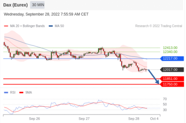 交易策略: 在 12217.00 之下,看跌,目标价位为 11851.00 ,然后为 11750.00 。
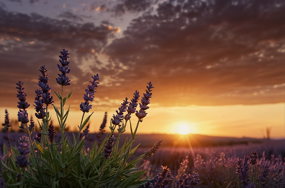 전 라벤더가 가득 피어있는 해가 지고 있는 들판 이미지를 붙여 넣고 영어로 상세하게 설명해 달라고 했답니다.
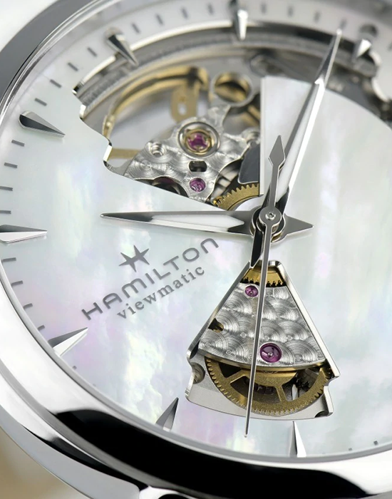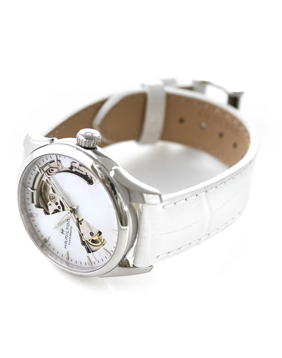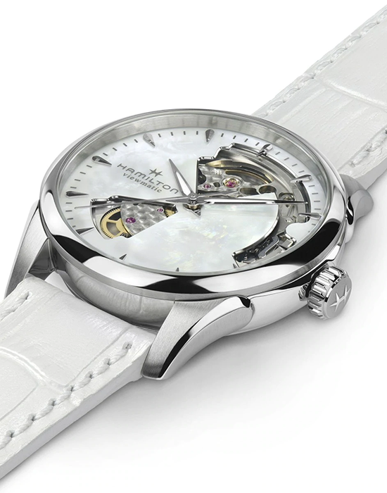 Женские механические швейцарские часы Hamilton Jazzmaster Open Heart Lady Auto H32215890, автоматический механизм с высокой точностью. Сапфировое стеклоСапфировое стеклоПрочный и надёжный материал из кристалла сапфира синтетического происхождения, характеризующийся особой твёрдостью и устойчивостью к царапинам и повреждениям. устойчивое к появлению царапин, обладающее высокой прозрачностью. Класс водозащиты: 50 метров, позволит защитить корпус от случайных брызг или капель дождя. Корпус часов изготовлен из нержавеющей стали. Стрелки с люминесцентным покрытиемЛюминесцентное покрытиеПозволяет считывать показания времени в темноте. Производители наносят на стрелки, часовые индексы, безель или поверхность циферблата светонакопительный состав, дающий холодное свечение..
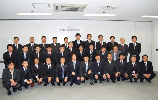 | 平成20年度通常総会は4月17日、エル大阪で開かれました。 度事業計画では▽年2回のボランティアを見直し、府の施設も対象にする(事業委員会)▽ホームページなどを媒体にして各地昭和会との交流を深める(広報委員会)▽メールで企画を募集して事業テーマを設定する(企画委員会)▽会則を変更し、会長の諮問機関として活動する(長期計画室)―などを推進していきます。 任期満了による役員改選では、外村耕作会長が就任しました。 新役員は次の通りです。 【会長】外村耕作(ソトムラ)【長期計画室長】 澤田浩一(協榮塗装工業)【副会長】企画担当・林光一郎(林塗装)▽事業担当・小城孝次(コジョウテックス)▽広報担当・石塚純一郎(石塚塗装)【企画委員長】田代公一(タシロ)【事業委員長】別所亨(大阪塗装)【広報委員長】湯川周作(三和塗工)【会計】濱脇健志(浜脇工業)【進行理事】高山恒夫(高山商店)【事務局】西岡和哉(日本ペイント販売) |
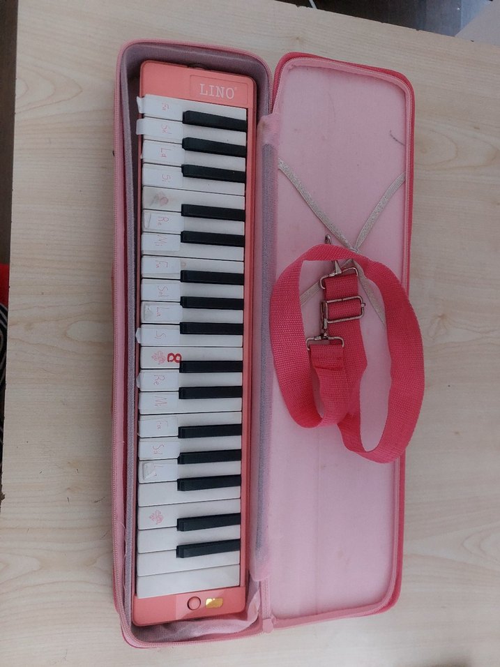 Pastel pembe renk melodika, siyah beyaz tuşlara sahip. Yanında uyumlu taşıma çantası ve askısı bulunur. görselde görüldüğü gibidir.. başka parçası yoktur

▶ WORK INSTRUCTIONS
Copy only the lines running from the one that holds "任期満了による役員改選では、外村耕作会長が就任しました。 新役員は次の通りです。 【会長】外村耕作(ソトムラ)【長期計画室長】" through the last line of the data, and include both of those lines. Do not copy any pictures.

▶ EXERCISE RESPONSE
 | 平成20年度通常総会は4月17日、エル大阪で開かれました。 度事業計画では▽年2回のボランティアを見直し、府の施設も対象にする(事業委員会)▽ホームページなどを媒体にして各地昭和会との交流を深める(広報委員会)▽メールで企画を募集して事業テーマを設定する(企画委員会)▽会則を変更し、会長の諮問機関として活動する(長期計画室)―などを推進していきます。 任期満了による役員改選では、外村耕作会長が就任しました。 新役員は次の通りです。 【会長】外村耕作(ソトムラ)【長期計画室長】 澤田浩一(協榮塗装工業)【副会長】企画担当・林光一郎(林塗装)▽事業担当・小城孝次(コジョウテックス)▽広報担当・石塚純一郎(石塚塗装)【企画委員長】田代公一(タシロ)【事業委員長】別所亨(大阪塗装)【広報委員長】湯川周作(三和塗工)【会計】濱脇健志(浜脇工業)【進行理事】高山恒夫(高山商店)【事務局】西岡和哉(日本ペイント販売) |
 Pastel pembe renk melodika, siyah beyaz tuşlara sahip. Yanında uyumlu taşıma çantası ve askısı bulunur. görselde görüldüğü gibidir.. başka parçası yoktur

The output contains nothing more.